Being an American with a strong Irish heritage, it has always been a tradition for my family to cook up a pot of corned beef and cabbage for the St. Patrick’s Day meal along with a shepherd’s pie. Other traditional items might include a hearty weekend Irish breakfast consisting of fried eggs, Irish bacon, bread and potato farls (a round flatbread cut into fourths) cooked in reserved bacon fat to enhance the crisp texture. This would traditionally be served with tomato and black pudding, similar to a blood sausage.

If there’s still room later that day, one might consider some Irish soda bread, or maybe a bit of boxty (Irish potato griddle cakes), a dessert involving Bailey’s Irish Cream, and then, naturally, a nice stout, ale and/or lager. (Let’s just assume we’ll go with the “and” since it is a holiday and all.)

One thing to note is that a common ingredient in many Irish dishes is potatoes. Having been introduced to Ireland in the later half of the 16th century, the potato has heavily influenced much of Irish cuisine as we know it today.

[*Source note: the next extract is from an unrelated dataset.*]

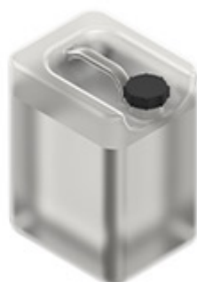
Απορρυπαντικό & Γυαλιστικό MKDET

World’s best corned beef and cabbage recipe
This recipe is extremely forgiving. You can fudge on the amounts of ingredients and the cooking times and still have a great meal to impress your family and friends.


1 3-4 lb corned beef brisket with seasoning packet
1-2 lbs potatoes (I like red or a mix. Cut into 2-inch chunks if too large)
2-4 garlic cloves, minced
1 onion coarsely chopped
3-4 carrots, cut into one-inch chunks
1 head of cabbage cut into 3-inch wedges


In a slow cooker, place all vegetables at the bottom. Place brisket atop the veggies. Sprinkle seasoning packet on top of meat. Fill with just enough water to cover meat. Cook on high about 6-8 hours or until tender.

Note: All crock pots cook at differing speeds, but do not check too early, as each time you lift the lid, it will add 30 minutes to your cooking time.

When meat is tender, transfer to cutting board and allow to cool about 15-30 minutes. Slice beef across the grain and serve alongside vegetables and sauce created from stew ingredients. Serve with a nice tall Guinness and enjoy!